I have often wondered "why" Jesus chose to bring Peter, James and John with him to the mountain that day.  Maybe he sensed that it would be easier for his friends to understand and accept his destiny, his choice to be faithful to his Father even unto death, if they had a sense of the glory of the Resurrection to come.  On the mountain, the disciples caught a glimpse of the glory, even though they weren't ready yet to hear about the Cross.  But I guess Jesus knew that somehow this event, this experience would register.  That even if they couldn't see it then, eventually they would understand that his glory and his Cross were not opposed, mutually exclusive, but just two different expressions of his total love for us, two successive steps in his promised victory over sin and death.

As a foretaste of his death and Resurrection, Jesus' Transfiguration is a call to us to allow our own lives to be enlightened and transformed: infused with a new hope, illumined by new light.  And isn’t this what Lent is really all about?  Lent is a season of transformation: a time where we make room for the Lord in our hearts and our lives, so that he can change them from within.  It is a time where we are empowered to accept the totality of our lives – its crosses as well as its joys – because we know that the Cross is never the final word, that the Resurrection is a promise we can count on.

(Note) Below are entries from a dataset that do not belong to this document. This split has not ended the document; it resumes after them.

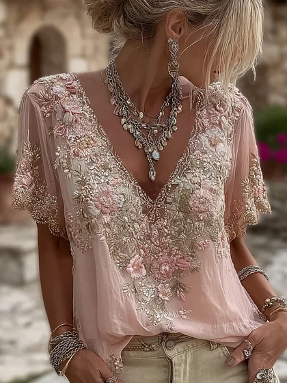 $25.99Vintage Classy Gradient Blue Rose And Floral Embroidered Pattern V Neck Long Sleeve Shirt
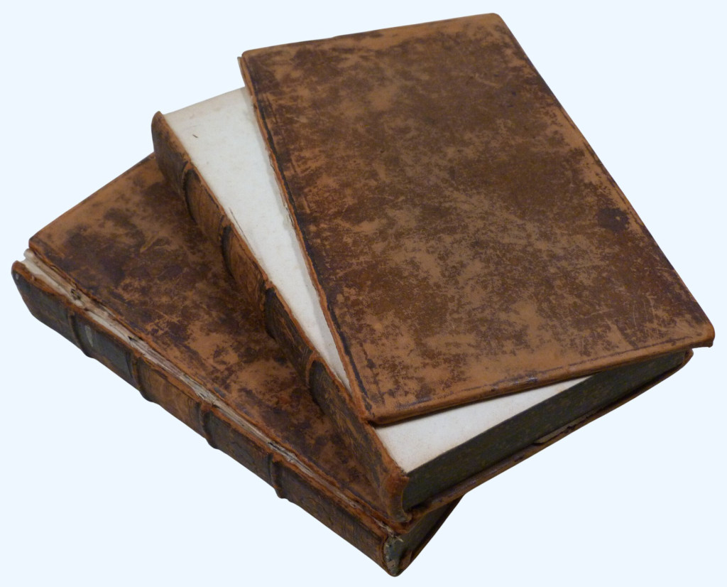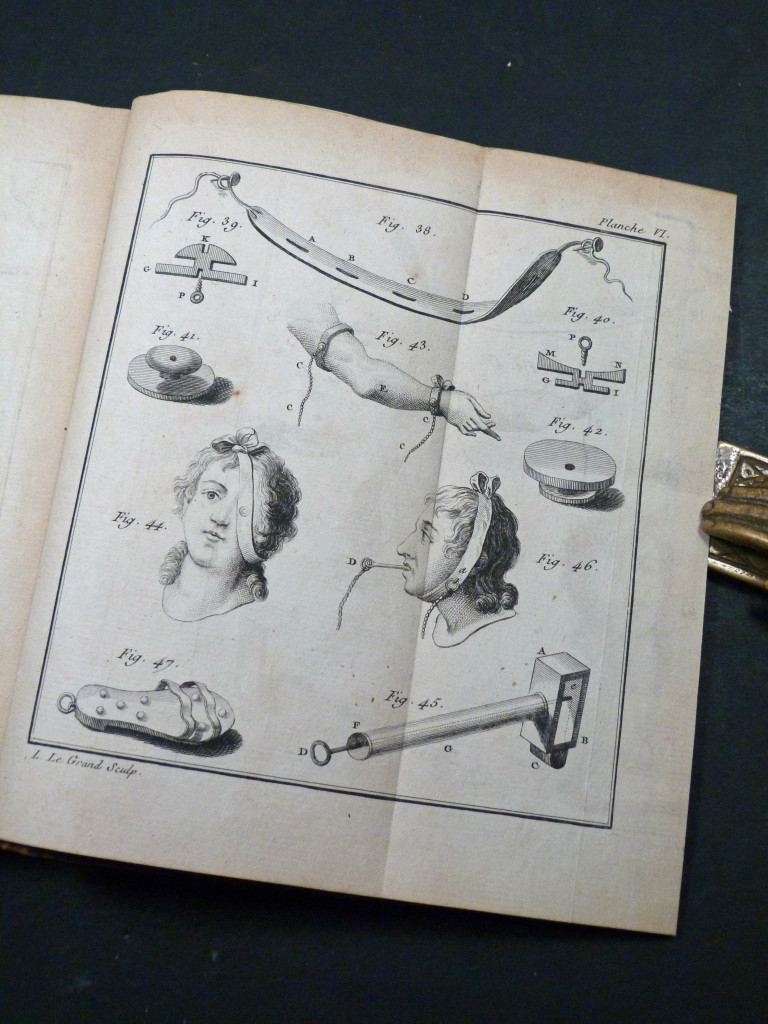 First edition, second issue. Two volumes (complete). Full leather (defective). Each 20 × 12.5cm. Vol 1: xxxiv [2], 522pp [1]; vol 2: iv, 509pp [4], with six folding plates. French text.
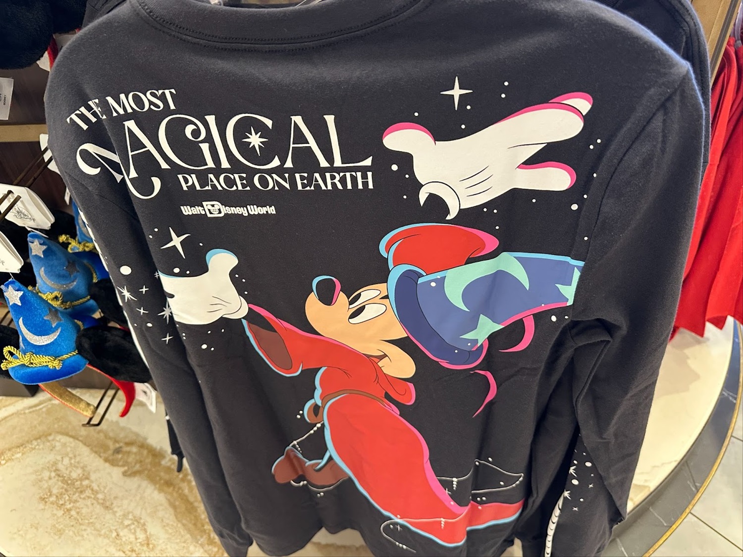 This grey crewneck features Sorcerer Mickey on both the front and back, with magical pixie dust accents decorating the sleeves. The Walt Disney World logo is boldly placed on the left sleeve, with “The Most Magical Place on Earth" printed on the back.
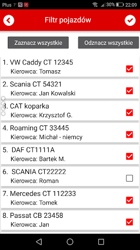 – czytelna lista pojazdów z opisem gdzie się znajdują i co robią
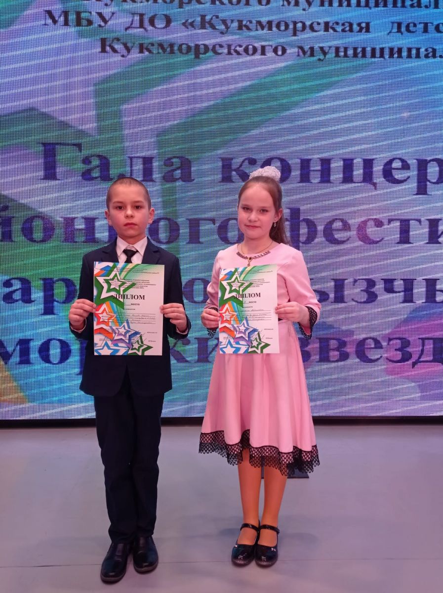 Районкүләмендә "Созвездие-Йолдызлык" кысаларында үткәрелгән "Кукмара йолдызчыклары" фестивалендә вокал-соло номинациясендә 3 нче дәрәҗә диплом белән "Рәхмәтлемен Ходаема" җыры белән Гайнуллина Зөлфинә, ә вокал-ансамбль номинациясендә "Балачак" дуэты (Шамсутдинов Сәмир, Валиева Айзилә) "Замела метелица город мой" җыры белән шулай ук 3 нче дәрәҗә диплом белән бүләкләнделәр. Җитәкчеләре һәм номерларны сәхнәгә куючы Хамидуллина Г.М.
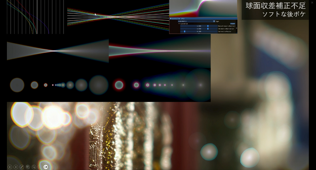 続いては「YEBIS4」のエフェクトについて。「YEBIS4」の被写界深度処理では写実的で多彩なカスタマイズが可能になっており、レンズを通った光が綺麗に1点に集中しないことで起こる「収差」も簡単にシミュレーションできるとのことです。
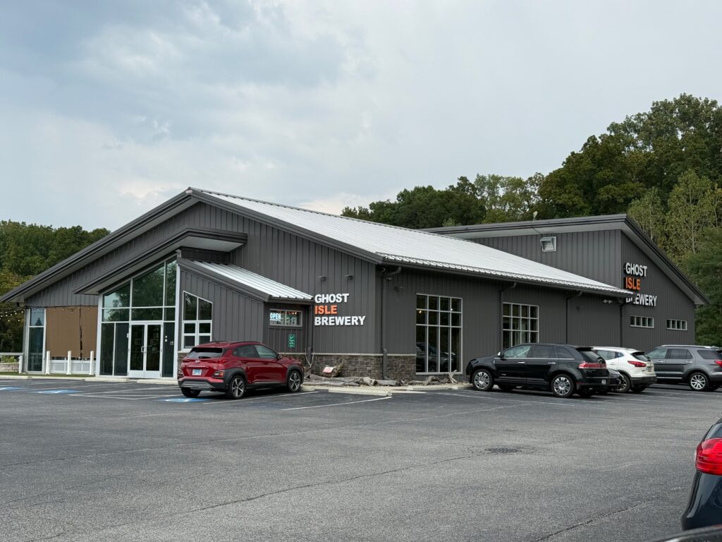 I’ll be honest — I wasn’t going to visit Ghost Isle today. My planned destination was Beer Church Brewing, also in New Buffalo, but they were overflowing with people and I assume that’s because the on-again/off-again rains were keeping people from sitting in the large outdoor area. So after driving by Beer Church, I headed for my backup just a couple of miles away.
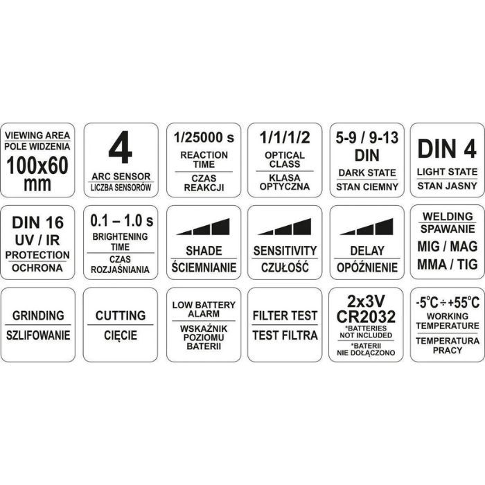 +55 Світлий стан: DIN 4Сфери застосування:Завдяки своїм властивостям, дана маска ідеально підходить для професіонального зварювання різних матеріалів, таких як сталь, алюміній, нержавіюча сталь тощо.
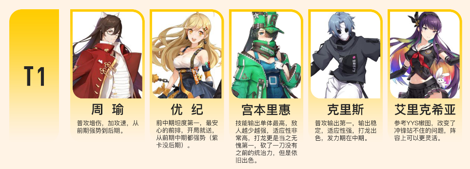 单点突破、平砍输出,配合周瑜及冰系打出非常高的输出,而且还可以冰冻敌人,输出控制兼备。由于是紫卡,获取难度低,. 上限8星在测试服足够用到毕业,且能作为上9的狗粮,性价比极高。
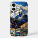 Experience the beauty of nature with this personalized blue mountain sunset phone case, designed in a stunning stained-glass inspired style.
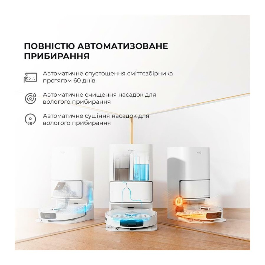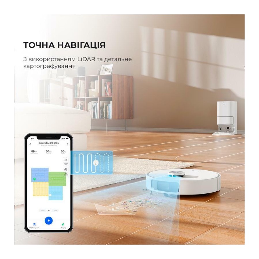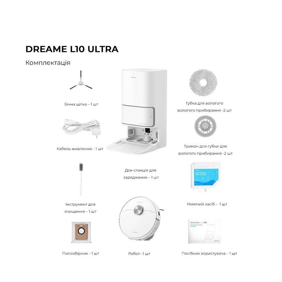 Dreame L10 Ultra - інноваційний робот пилосос 2 в 1, для сухого та вологого прибирання. Очищає всі типи твердих покриттів для підлоги (ламінат, паркет, лінолеум, кахель), а також ворсисті килими і ковролін.

Lent is also a season for prayer. It is while he is praying that Jesus is transfigured. Throughout the Gospels – and especially in the Gospel of Luke, our focus this year – whenever Jesus has an important decision to make, a special message to share with his disciples, a sign of great significance to perform, he prays first. 

He goes off - to a lonely place, a mountaintop - to be silent, to discern, to reconnect with his Father and thus know his will.  Are we not called to do the same - to find in the midst of our busy days even a few precious minutes, where we awaken to the presence of the God who dwells within us?

Prayer is neither an aesthetic against the painful realities of life, nor a way of escaping from difficulties and challenges which lie before us.  We don't pray for the "high" it gives us; we pray to be in intimate relationship with the Creator, we pray that we might be renewed, strengthened for whatever mission in life God has entrusted to us.  We pray not in order to change God.  We pray in order to give God a chance to change us.  And we need to be changed, because when we come down from the mountain, we inevitably meet someone in need: of healing, of friendship, of justice, of love.  Someone who needs a share of the gift we have just received.

In his famous "I have a dream" speech, Martin Luther King proclaimed, "I've been to the mountaintop ... and I've seen the glory."  But for Dr. King, the mountain was not a nice, safe refuge from the pain and strife of a messy, often unjust world; the dream was not a fantasy world into which he escaped, but a profound belief that the universal brotherhood for which he had prayed and worked for so long would one day be a reality - in God's time, if not his own.  He knew that the path to glory led through the Cross.  He also knew that at the bottom of the mountain, we confront

We too must dream the dream; during this time of Lent, we too are called to go to the mountaintop with the Lord, to embrace the totality of our lives, including our suffering; to see his glory.   Let us remember that NOTHING – no suffering, no trial, no hardship, no sin, no frailty, no weakness – can ever separate us from the love of Christ.  As we continue our Lenten pilgrimage, let us climb the mountain with Jesus, so that transfigured, enlightened, and transformed, we can become agents of transformation and enlightenment to our sisters and brothers in need.  Amen.